▶ [AIM OF THE TASK] In the entries below, find the line with "上海市商务委员会副主任申卫华" and the line with "Dr. oetker pizza feliciana margherita 315 g"; give again those lines and every line between them, exactly.

─── RECORDS FOR PROCESSING

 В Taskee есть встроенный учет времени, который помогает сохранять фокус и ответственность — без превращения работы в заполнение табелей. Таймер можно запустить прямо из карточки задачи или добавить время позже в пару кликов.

──────
─── RECORDS FOR PROCESSING

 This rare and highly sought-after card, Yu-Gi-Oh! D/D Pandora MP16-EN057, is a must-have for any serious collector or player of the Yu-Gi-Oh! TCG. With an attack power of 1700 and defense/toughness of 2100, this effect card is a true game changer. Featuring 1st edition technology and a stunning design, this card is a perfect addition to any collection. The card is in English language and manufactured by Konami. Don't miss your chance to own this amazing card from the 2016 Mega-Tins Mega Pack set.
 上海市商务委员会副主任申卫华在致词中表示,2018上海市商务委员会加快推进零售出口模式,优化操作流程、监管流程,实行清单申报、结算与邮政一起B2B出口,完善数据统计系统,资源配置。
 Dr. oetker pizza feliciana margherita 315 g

──────
─── RECORDS FOR PROCESSING

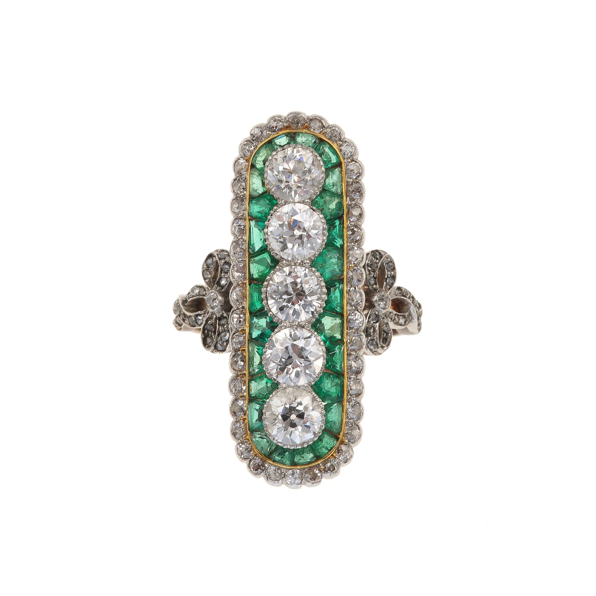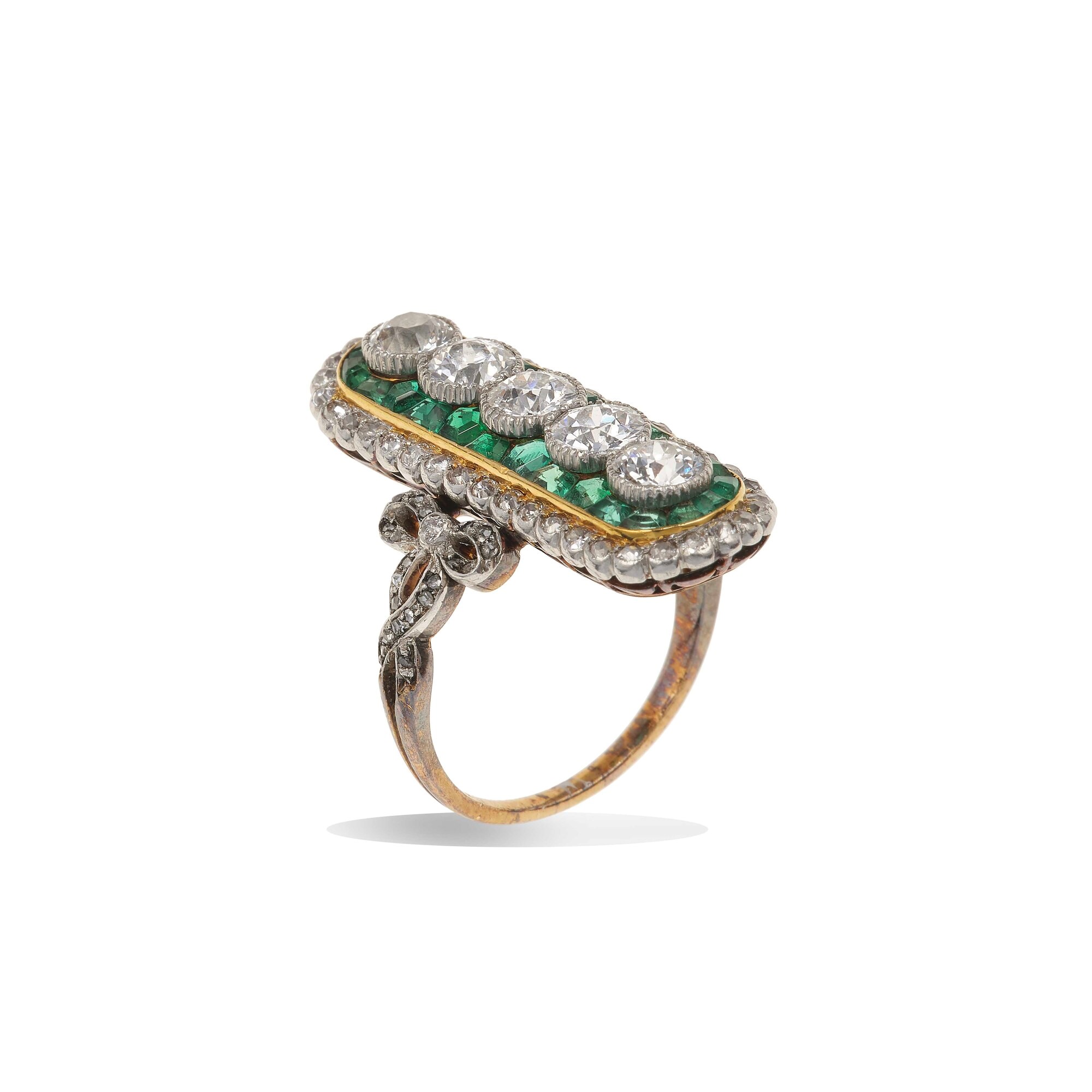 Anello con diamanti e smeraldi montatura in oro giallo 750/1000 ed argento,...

──────

▶ [RESPONSE]
 上海市商务委员会副主任申卫华在致词中表示,2018上海市商务委员会加快推进零售出口模式,优化操作流程、监管流程,实行清单申报、结算与邮政一起B2B出口,完善数据统计系统,资源配置。
 Dr. oetker pizza feliciana margherita 315 g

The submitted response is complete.